A significantly large codebase (where "significantly" is up for debate)
can only afford a limited number of template function instantiations.
Otherwise its compile time will blow up anyway. I would rather afford a
few less template functions, with well defined named concepts instead of
a larger number of template function w/o them. Hopefully modules can
alleviate some of this tension.

>
> We really struggled to find one by looking though our codebase.
> The plus
>
> function came to mind, but this requires the arguments to form a
> magma
> at least, which is definitively a valid requires clause.
>
>
> The plus function obviously requires `t + t` to be well-formed, which
> is a valid requires-clause.
> FWIW, I dispute your claim that this has anything to do with
> mathematical magmas. A magma is a set (i.e. a type) with a binary
> operation (let's spell it `operator+`) which is closed; I interpret
> that in a C++ context to mean that decltype(t+t) ought to be T, or at
> least something explicitly convertible to T. But that's definitely not
> a requirement imposed by the `plus` function! Not if it's defined as
> template<class T> auto plus(T t, T u) { return t + u; }
> anyway. However, I suggest we don't pursue /*this*/ rabbit-hole. We
> can pursue the next one if you like. :)
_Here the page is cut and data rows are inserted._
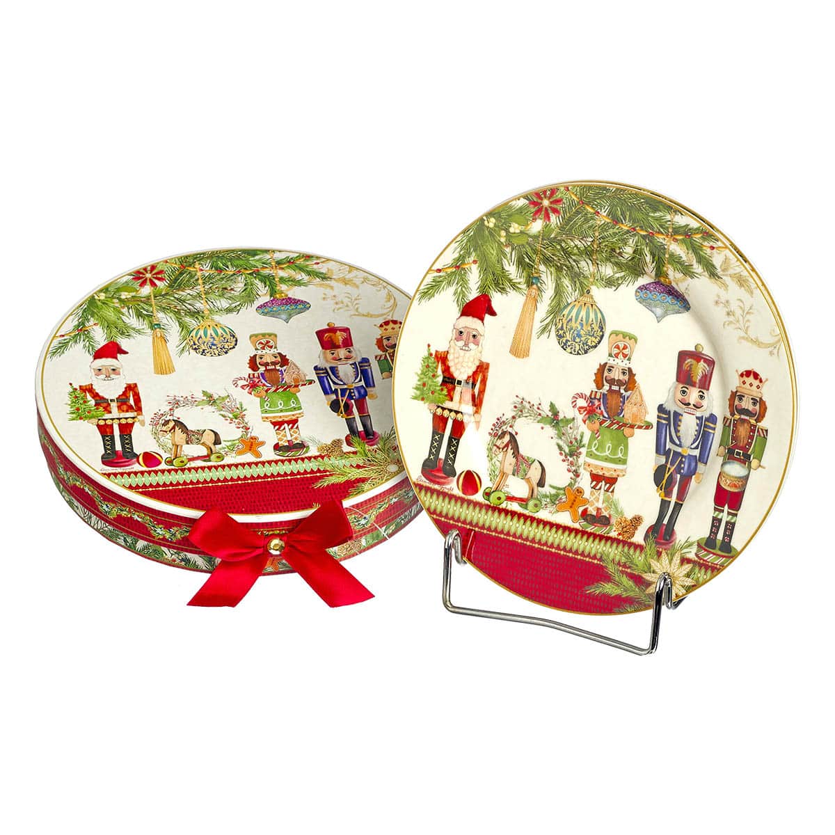 Πιατάκι από πορσελάνη για το χριστουγεννιάτικο κέικ, με σχέδιο Άγιο Βασίλη και καρυοθραύστες, Σε σετ των δύο,
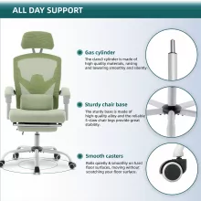 Featuring a breathable mesh backrest, this chair allows for maximum air circulation, keeping you cool throughout the day. The high-back design provides full support for your upper back and shoulders, while the built-in lumbar support pillow alleviates pressure on your lower back, ensuring a healthy and comfortable sitting posture.
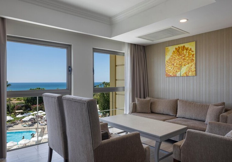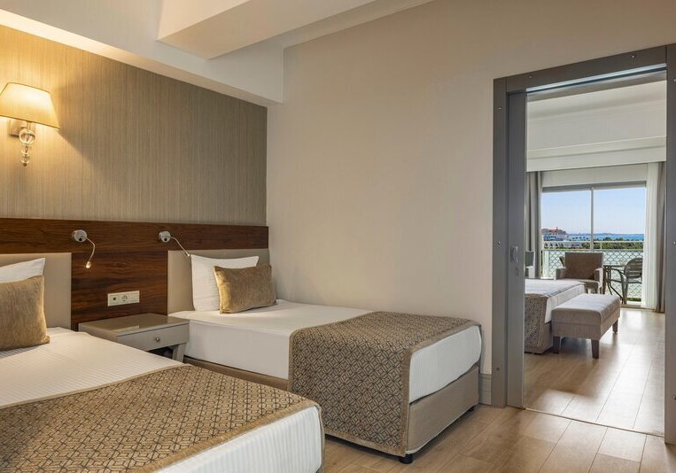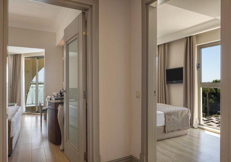 • Klimaanlage • Haartrockner • Minibar • Safe • Meerblick (je nach Zimmerkategorie) • Schlafsofa • Kaffee-/Teezubereiter • Terrasse • Fernseher (Sat-TV) • WiFi • Gartenblick • Wasserkocher • Wohneinheit im Erdgeschoss • Wohneinheit in Aufzugnähe • Babybett (Vorreservierung erforderlich, auf Anfrage, kostenfrei) • Bettwäsche • Schlafzimmer (Anzahl) • Kleiderständer • Kleider-/Wandschrank • Housekeeping (täglich) • Balkon (je nach Zimmerkategorie)
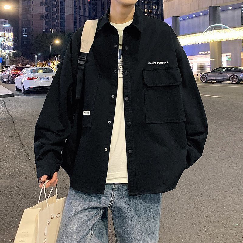 春秋の男性コート春秋の工装シャツの薄いタイプの港風系のファッションジャケットはゆったりしています。
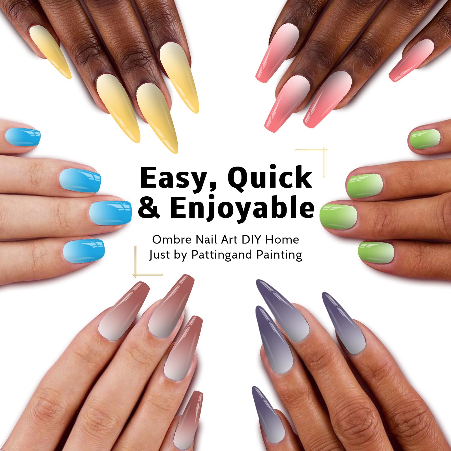 - 【HAVE FUN:】Karroy ombre nail gel will bring you great fun by self-coloring mixing, sponge-patting painting, brushes drawing & dotting, ect. It's easy, colorful, and wonderful!
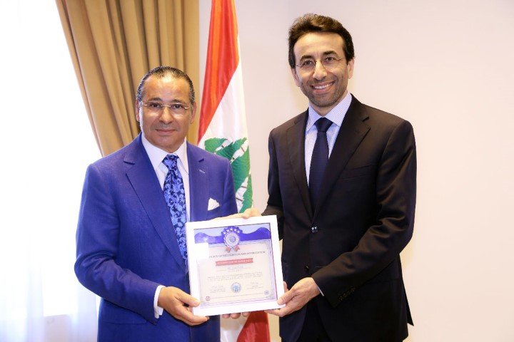 المحافظ شبيب التقى وفداً من جمعية آل قباني وجمعية تجار شارع مار الياس ومُنح درعاً تقديرة من منظمة الثقافة والبيئة الدولية
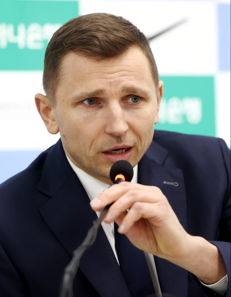 농구 대표팀 니콜라이스 마줄스 감독이 4일 서울 올림픽회관에서 남자 농구 국가대표 명단 발표를 하고 있다. 2026.2.4 [연합뉴스]
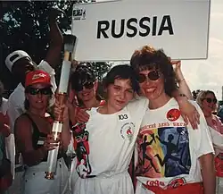 Чести открыть соревнования удостоилась 11-летняя петербургская школьница Светлана Конокотина, которой еще предстоит вскоре бежать километр с олимпийским факелом по дорогам Америки, так как она выиграла конкурс рисунков предстоящей Олимпиаде в Атланте. | |
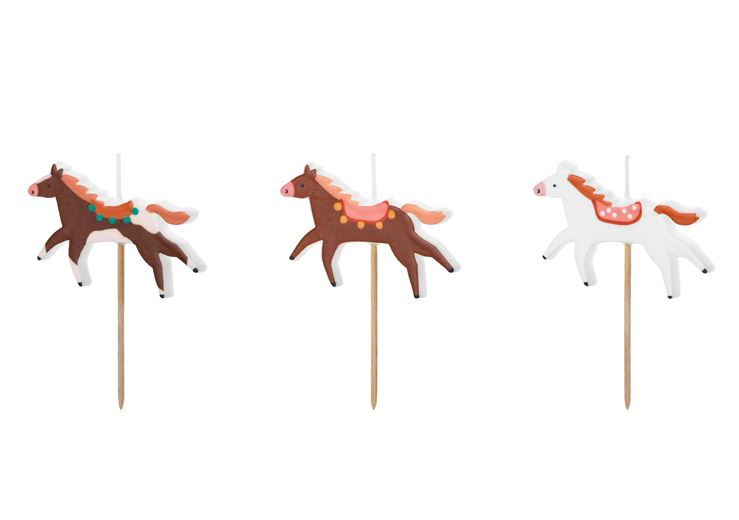 Kakkukynttilöitä 3 kpl:n pakkauksessa kaikille hevostytöille ja hevospojille. Täydellinen koriste hevosaiheiseen syntymäpäiväkakkuun. Voit vapaasti yhdistää muihin hevossarjan tuotteisiin
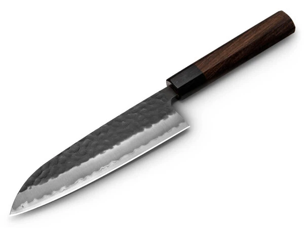 -Klinge ausgestattet ist. Kiritsuke bezeichnet die typische Form dieser Sakai-Messer mit ihrer ausgeprägten Spitze. Damit sind die Messer prädestiniert für Einstechen, Schlitzen und lange, gerade Schnitte. Die größeren Messer können wir ein Sushi-Messer verwendet werden. Insgesamt erweitert die Form Kiritsuke als den Anwendungsbereich erheblich. Die Messerserie Kureta hat Klingen aus dem berühmten Aogami super Stahl, schwarz geschmiedet und poliert, die Griffe sind aus Palisander (
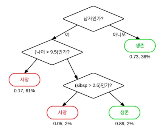 결정 트리란, 일련의 분류 규칙을 통해 데이터를 분류/회귀하는 지도학습 모델 중 하나로, 결과 모델이 트리 구조를 지녀 Decison Tree라는 이름을 지닌다. 아래의 그림처럼 특정 기준(질문)에 따라 데이터를 구분하는 모델을 의사 결정 트리 모델이라고 하며, 한 번의 분기마다 변수 영역을 두 개로 구분한다.
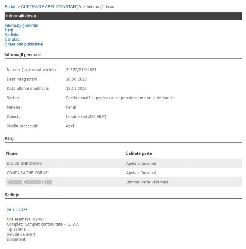 În cauză, ambii inculpați au contestat soluția judecătoriei, soluționarea cauzei ajungând în sarcina Curții de Apel Constanța, instanță care, la termenul din octombrie, anul curent, a suspendat cauza. Aceeași instanță a stabilit ca următorul termen de judecată să se desfășoare aproape de finele lunii noiembrie 2025.
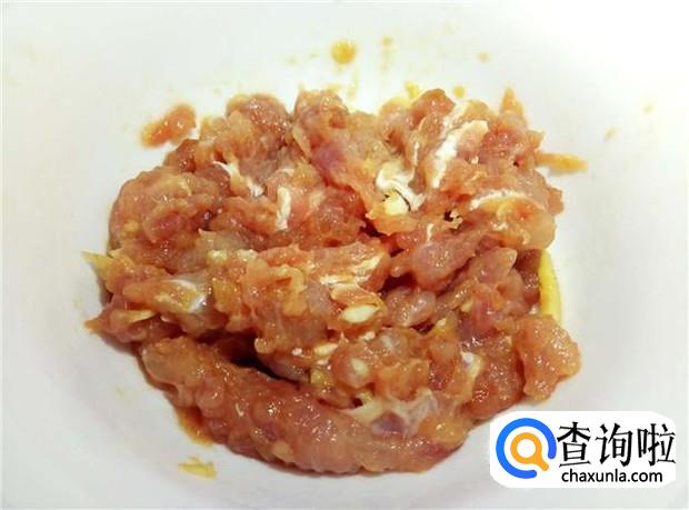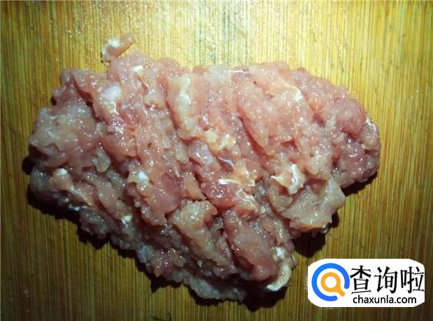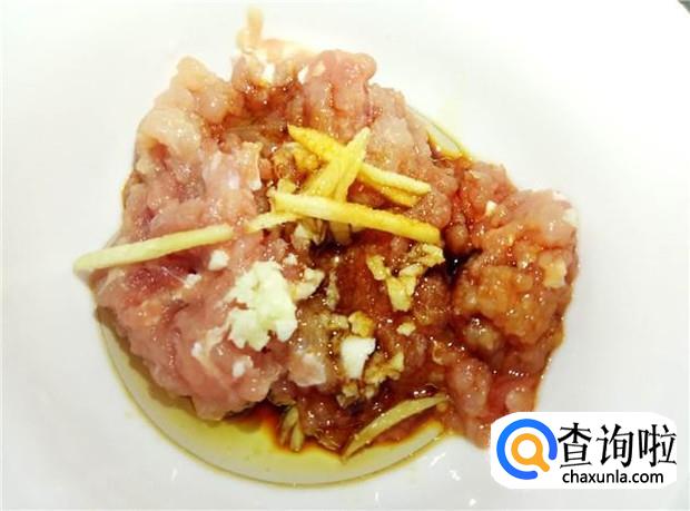 瘦肉用刀子剁碎,加入适量的蒜头、姜丝、花生油、酱油、盐、淀粉,搅拌均匀,腌制一会。
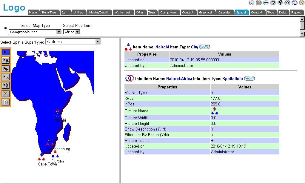 The Spatial browser provides a way of viewing information from the perspective of spatial models. These can reflect geographical maps, conceptual maps or topographical maps. A map has a background image and a variety of items

Oh yeah, there is a deep rabbit hole about whether is is benefical to
have plus over a closed set separate from plus over an open set. And how
to express commutativity here... Lets not go there.

>
> The next
> candidate was the identity function, but for the identity function
> to be
> correct, its result must be identical to the input, which only has
> valid
> meaning if the input and the output is actually equality comparable,
> which is a valid requires clause.
>
>
> Here I absolutely disagree. The `identity` function
> template<class T> T identity(T t) { return t; }
> requires that T be move-constructible and destructible, but absolutely
> does not require that T be equality-comparable. For example,
> `identity` remains a useful operation even when T is
> `std::function<void()>`. `std::function<void()>` is not, and cannot
> ever be made, equality-comparable.
>
> The type-requirements of a generic algorithm are driven by what the
> algorithm /*actually does*/. It requires what it /*does*/ to be
> well-formed. My kneejerk impression is that no generic algorithm
> should ever "require" some capability of its type parameter if its
> implementation does not depend on that capability.
But for a non-comparable type template<class T> T identity(T t) { return
T {}; } is often a faster implementation. It may not be what the
programmer expected, but how to write test? Equality is a postcondition
of the type. As the postcondition is impossible to verify, semantics
meaning of the function gets lost and the function itself gets
misleading. If you wanted a "semantically inactive" no-op function,
state that an name it appropiuately. Identity has a mathematical meaning
that different from no-op. I think the identity function on
non-comparable types would not be "provable" in Lisa Lippincott's sense.
So I personally claim it should not be written that way.
> To take a really extreme and probably singular example, imagine what
> the STL would have been like if we'd said, "The std::copy algorithm
> requires the expression `std::addressof(*dest)` to have pointer type."
> That's "obvious," right, because the point of std::copy is to be a
> type-safe replacement for memcpy, and objects always have addresses?
> ...But then we never would have gotten ostream_iterator or
> back_insert_iterator!

The copy function is defined without mention of memcpy. A copy function
is a function which takes Range T and produces a new range T2 where the
following two postconditions hold: The range T is unchanged and the
range is T2 equal to the original range T. And if adressof(*dest) is not
a pointer, the function can still reach its postconditions. So this is
not really a requirement. memcpy-ability or relocatability (yes I have
seen your talk :)) how you call it, may be a requirement of candidate
within the overload set of std::copy to select the fastest algorithm but
never a condition on the copy overload set as a whole, because such a
set I would call copy_to_pointer_location.

>
> I suspect that a sufficiently motivated programmer could always find a
> /*semantic*/ requirement that you failed to capture in your naming
> scheme. ;) Even something as simple as "fclose(fp) expects fp to be a
> file that is open, not a file that has already been closed." But
> maybe it's domain-dependent; maybe "no hidden semantic requirements"
> actually works in your particular codebase.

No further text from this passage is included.